First, let's start with the case where $f$ is assumed to be continuous. Then, we can say the following. I will write $g(x)=x^2-x+1$.

  1. $f(1)=1$
  2. $f$ is strictly increasing over $x\ge1/2$.
  3. $x\le f(x)\le g(x)$ for all $x$.
  4. $f(x)=f(1-x)$ for all $x$.
  5. $f^\prime(1)=1$.

The first property is noted in the question, and does not require continuity. If $f(1)=a$ then we have $f(a)=f(f(1))=g(1)=1$. So, $g(a)=f(f(a))=a$ and, the only fixed point of $g$ is $a=1$.

Next, if $a\not=b\in[1/2,\infty)$ and $f(a)=f(b)$ then, $g(a)=f(f(a))=f(f(b))=g(b)$, so $a=b$. So, $f$ is one-to-one and continuous on this range, implying that it is either strictly increasing or strictly decreasing. We can rule out the decreasing case - as noted in the question, $f(x)\ge3/4$ for $x\ge3/4$. If $f$ was decreasing over $x\ge1/2$ then, as it is bounded below, it would be bounded.
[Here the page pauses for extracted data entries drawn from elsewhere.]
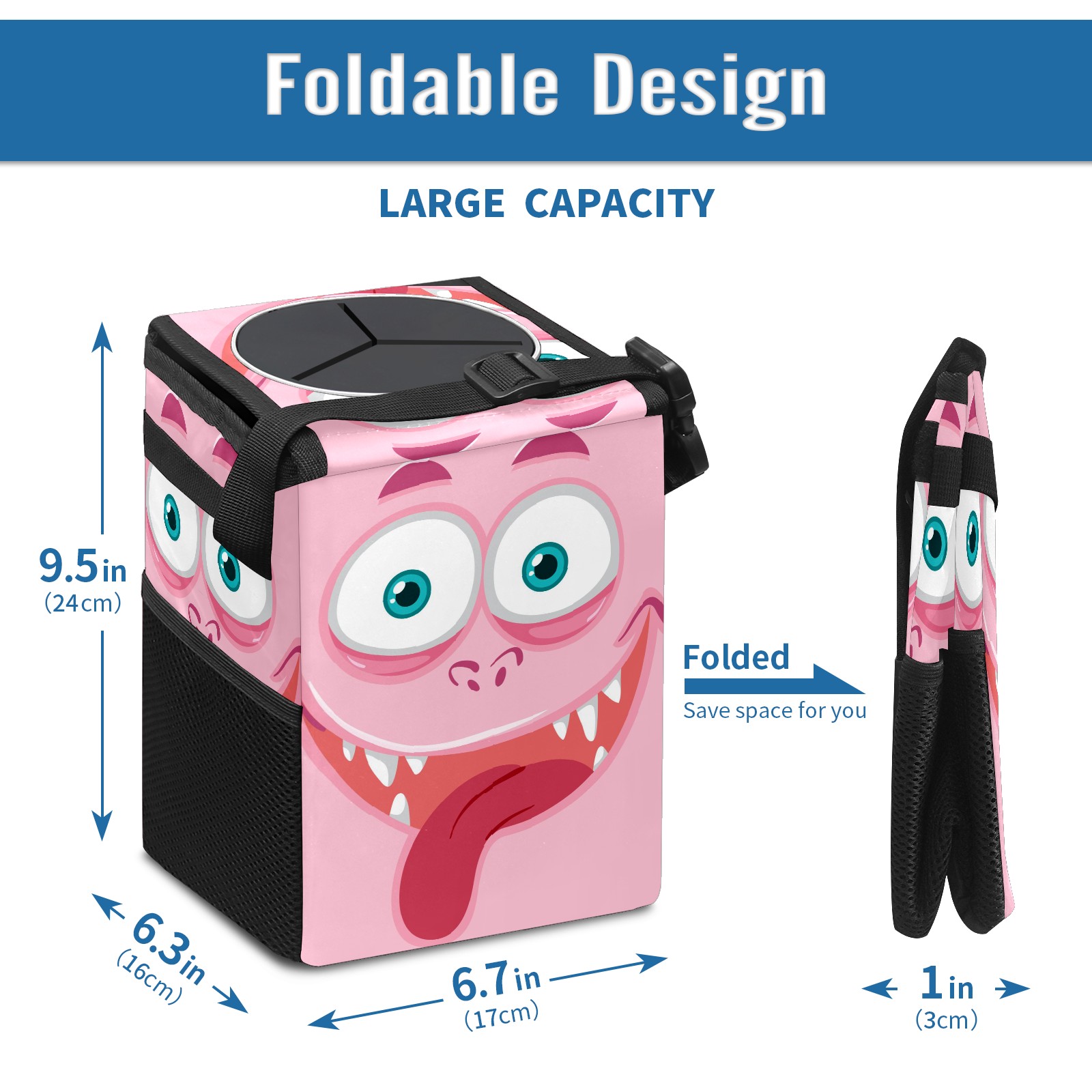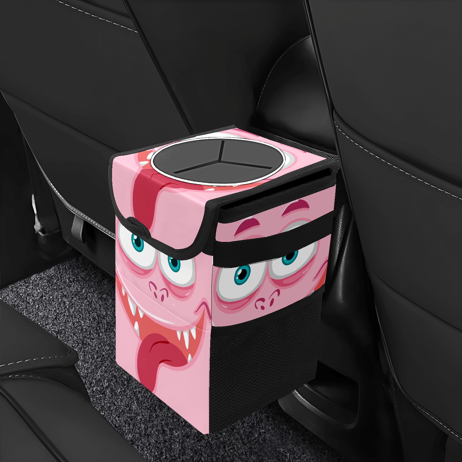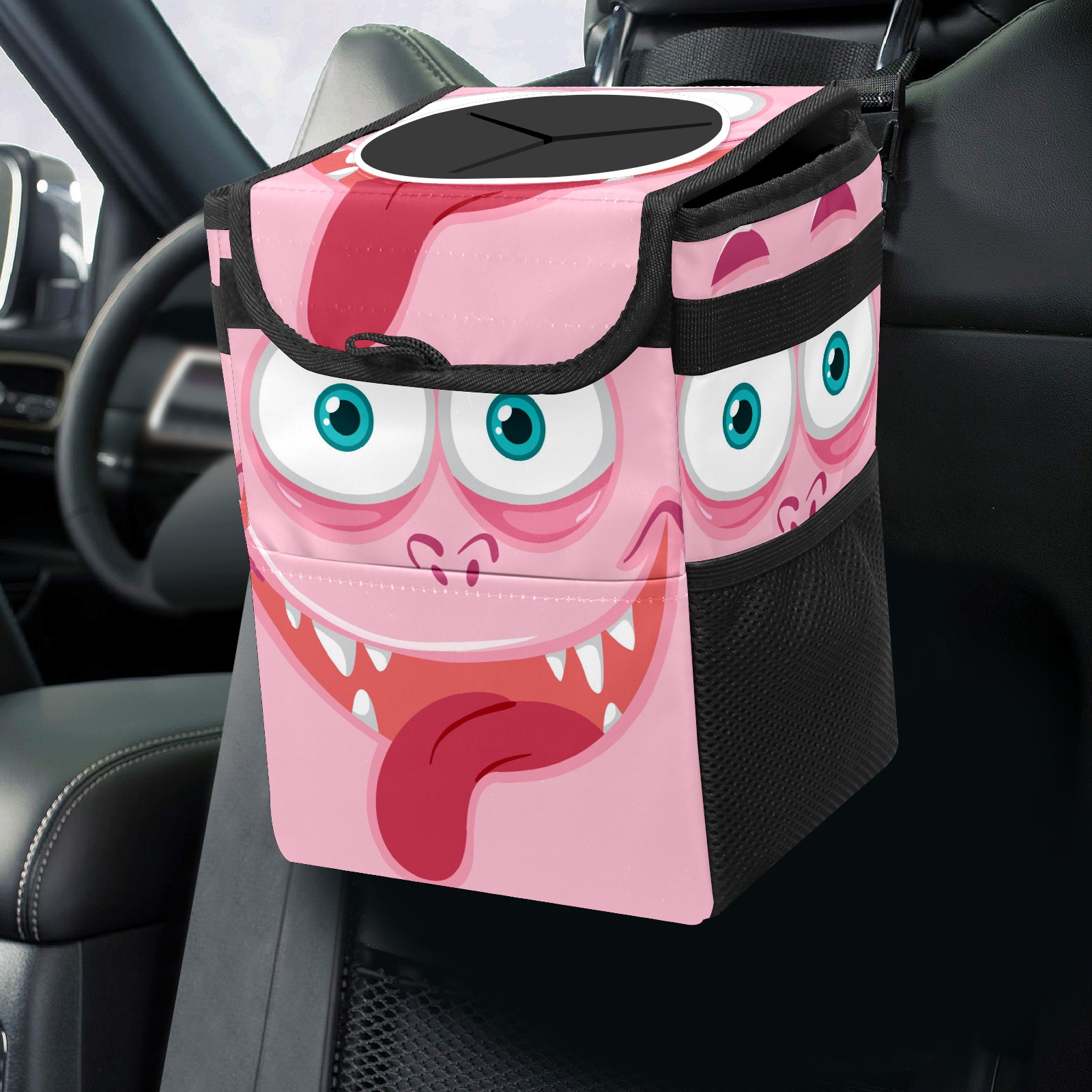 Car Garbage Can — Multi-functional, Lightweight Portable, Reusable Vehicle Trash Can, Waterproof with Sufficient Storage Capacity Pink Monster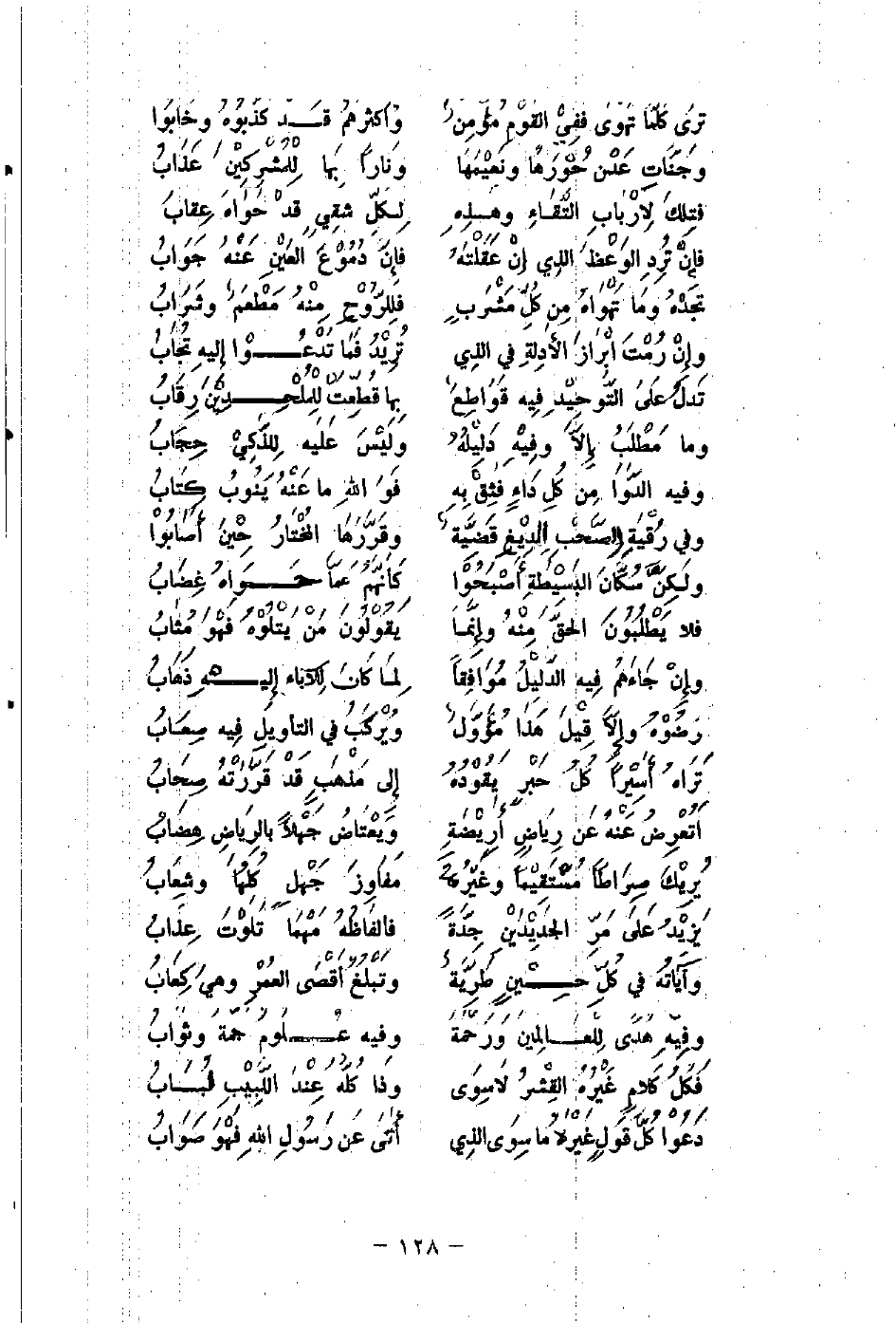 وفِيهِ هُدًى لِلْعَالِمينَ وَرَحْمَةٌ ... وفيه عُلَومٌ جَمّةَ وثوابُ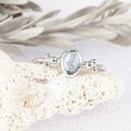 スカイブルーの美しい小粒ジルコンを粒飾りのリングに飾り付けました。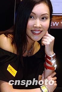 勞倫斯珠寶首飾公司三月三日在香港舉行的國(guó)際珠寶展上,首度推出全新ELINI腕表系列產(chǎn)品。圖為香港名模展示新款腕表系列產(chǎn)品。作者:錢興強(qiáng)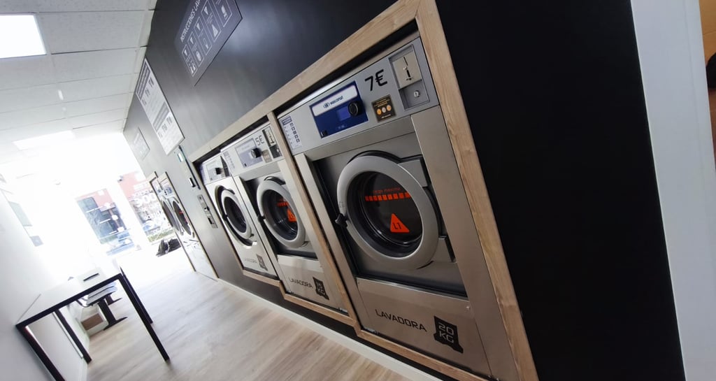Lavandería autoservicio con máquinas Electrolux, rápidas y económicas.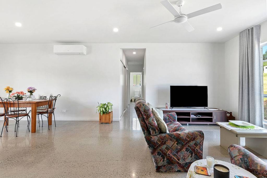 The perfect mix of a near new home (9 months old), and a spacious 1 / 4 acre block (956m2) for the children to run and play in. The home was built by Shine Building and the quality fixtures used are similar to those found in any top end home. The elevated position offers a stunning view of the local ranges and the surrounding land has been thoughtfully landscaped to provide a low maintenance mini acreage setting. Stunning 40 mil stone kitchen and impressive polished concrete flooring feature in the modern residence.

So, $g(x)=f(f(x))$ would be bounded, which it isn't. This proves the second statement.

Over $x > 1$ we have $f(x)\not=x$ (otherwise, $x$ would have to be a fixed point of $g$). Then, we either have $f(x) > x$ or $f(x) < x$ for all such $x$. We can rule out the second case, as it would imply that $g(x)=f(f(x))<x$ which is false. By a similar argument, $f(x) > x$ for all $x < 1$. Also, if $f(x) > g(x)$ for any $x$, then we would have $g(x)=f(f(x))\ge f(x) > g(x)$, which is a contradiction. This proves statement 3.

As noted in the question, $f(x)=f(1-x)$ or $f(x)=1-f(1-x)$ for all $x$. In particular, for $x < 1/2$, we can use the inequality $f(1-x) > f(1/2)\ge1/2$ to see that $f(1-x) > 1 - f(1-x)$. So, by continuity we either have $f(x)=f(1-x)$ for all $x\le 1/2$ or $f(x)=1-f(1-x)$ for all such $x$. We can rule out the second case, as it implies that $f(x) < 1/2$ for all $x < 1/2$, which would give the contradiction $g(x)=f(f(x))<1/2$. We have proved statement 4 for all $x\le 1/2$. For $x\ge1/2$ we can replace $x$ by $1-x$ to prove the statement.

Finally, for statement (4) we can apply (3) to get, $$ \frac{(1+h)-1}{h}\le\frac{f(1+h)-f(1)}{h}\le \frac{g(1+h)-1}{h} $$ for all $h>0$. Both sides of this inequality tend to $1$ as $h\to0$. The same argument applies for $h < 0$, except that the inequalities are the other way round. So, $f^\prime(1)=1$.


We can now construct continuous solutions as follows. Pick any $a>1$ and set $b=g(a) > a$. Then, choose any $c\in(a,b)$. On the range $[a,c]$ we take $f$ to be any strictly increasing function with $f(a)=c$, $f(c)=b$. Extend to $(c,b]$ by taking $f(f(x))=g(x)$ for $x\in(a,c]$. The intervals $g^r([a,b])$ cover $(1,\infty)$ as $r$ runs through $\mathbb{Z}$, and we define $f(g^r(x))=g^r(f(x))$ to extend $f$ to all of $(1,\infty)$.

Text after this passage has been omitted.